# Boost :

Subject: Re: [boost] Accelerating algorithms with SIMD - Segmented iterators and alternatives
From: Mathias Gaunard (mathias.gaunard_at_[hidden])
Date: 2010-10-13 12:38:56

On 13/10/10 16:07, David Abrahams wrote:
> At Wed, 13 Oct 2010 15:52:47 +0100,
> Mathias Gaunard wrote:
>>
>> On 13/10/10 12:18, Mathias Gaunard wrote:
>>
>>> Since those could be different segments, you wouldn't need to check
>>> which segment you are in at each iteration.
>>> Actually, all local iterators for a a segmented iterator must be the
>>> same for all segments, but since a local iterator can be a segmented
>>> iterator itself, it can also have a local iterator which can be
>>> different.

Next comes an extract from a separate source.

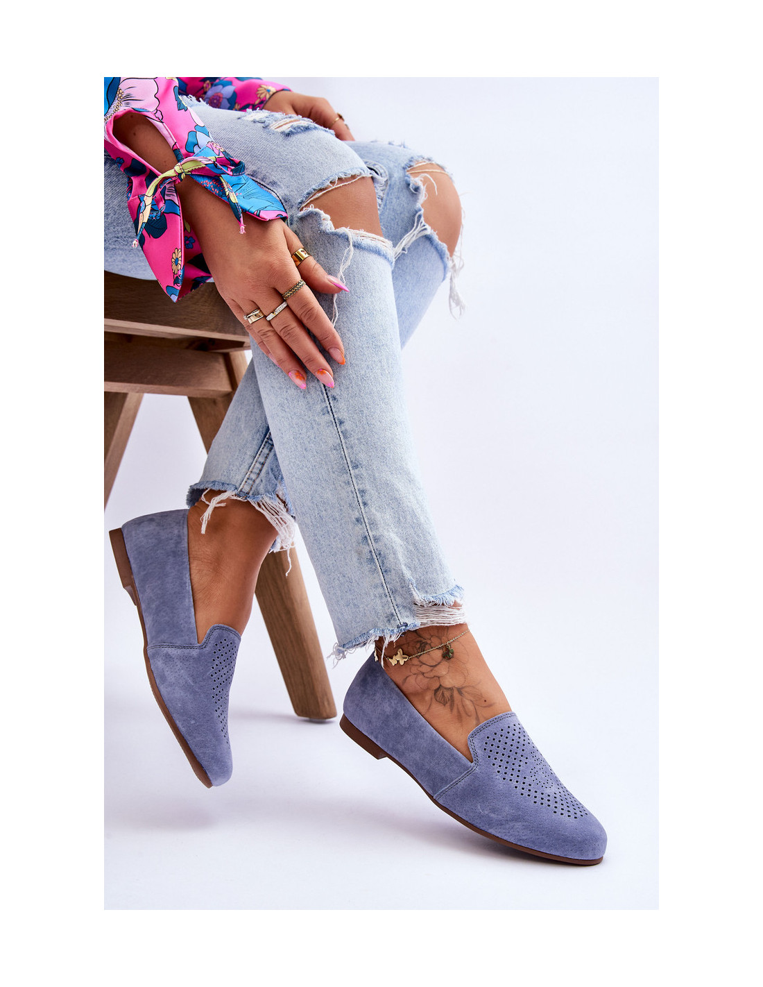 Nuostabūs moteriški batukai iš natūralios zomšos. Jie turi dekoratyvų, ažūrinį raštą priekyje. Šis modelis buvo pastatytas ant plokščio kulno ir neslidaus pado. Loafers turi Comfort vidpadį, pagamintą iš natūralios odos. Šių batų kulnas yra šiek tiek standesnis. Jūs tikrai turėtumėte juos turėti! Rinkdamiesi dydį, vadovaukitės dydžių lentele.

By recursion, you can therefore use different iterator types
>>> for each segment, but that's somewhat convoluted.
>>
>> That's wrong actually. Since all the local iterators are the same,
>> then their local iterators must be the same too.
>>
>> So segmented iterators wouldn't help to only check for alignment once
>> it has been reached I think. I would have to properly try to implement
>> one, but it's not particularly practical to do.
>
> I think the exercise would be worth your time

Well, let me rephrase the problem.

Given the contiguous sequence of numbers 1 2 3 4 5 6 7 8 9 10 11, with
the 3rd element (3) lying on a satisfying alignment boundary to deploy
SIMD instructions of cardinal 4, we want to adapt the range into this:
| 0 0 1 2 | 3 4 5 6 | 7 8 9 10 | 11 0 0 0 |

The concern is that we want the iteration of the middle part | 3 4 5 6 |
7 8 9 10 | (which in practice would contain much more elements than
this), to be as fast as possible, i.e.
- increment is a ptr += 4
- dereference is load ptr into a SIMD register

This is not possible using normal iterators, since I will need to have a
different behaviour (and thus a branch), for at least one of those two
functions, depending on what state the iteration is at.
As a result a few bytes at the beginning and at the end of a long
sequence slow down the whole iteration.

I thought segmented iterators would solve this, since after all I've got
three segments, and you've been repeatedly saying on this list that it
is the solution to many iterator problems, but they don't. Segmented
iterators are only useful if the iteration of all my segments is done
with the exact same logic but at different locations, since they all
must have the same type. They don't allow to circumvent the problem I
exposed with normal iterators at all.

My alternative not only does, but it could also allows not to have to
pad the ranges with zeroes, which is potentially more interesting to
write SIMD-aware algorithms.

>
>> Anyway, my belief is that my alternative to segmented iterators is
>> more interesting.
>
> Not to me, until you can begin to address something like std::merge().

Yet you are convinced about segmented iterator without even knowing if
it can address something like std::merge (well sure it can if you use
the fallback flat iterator, but that's not what I mean).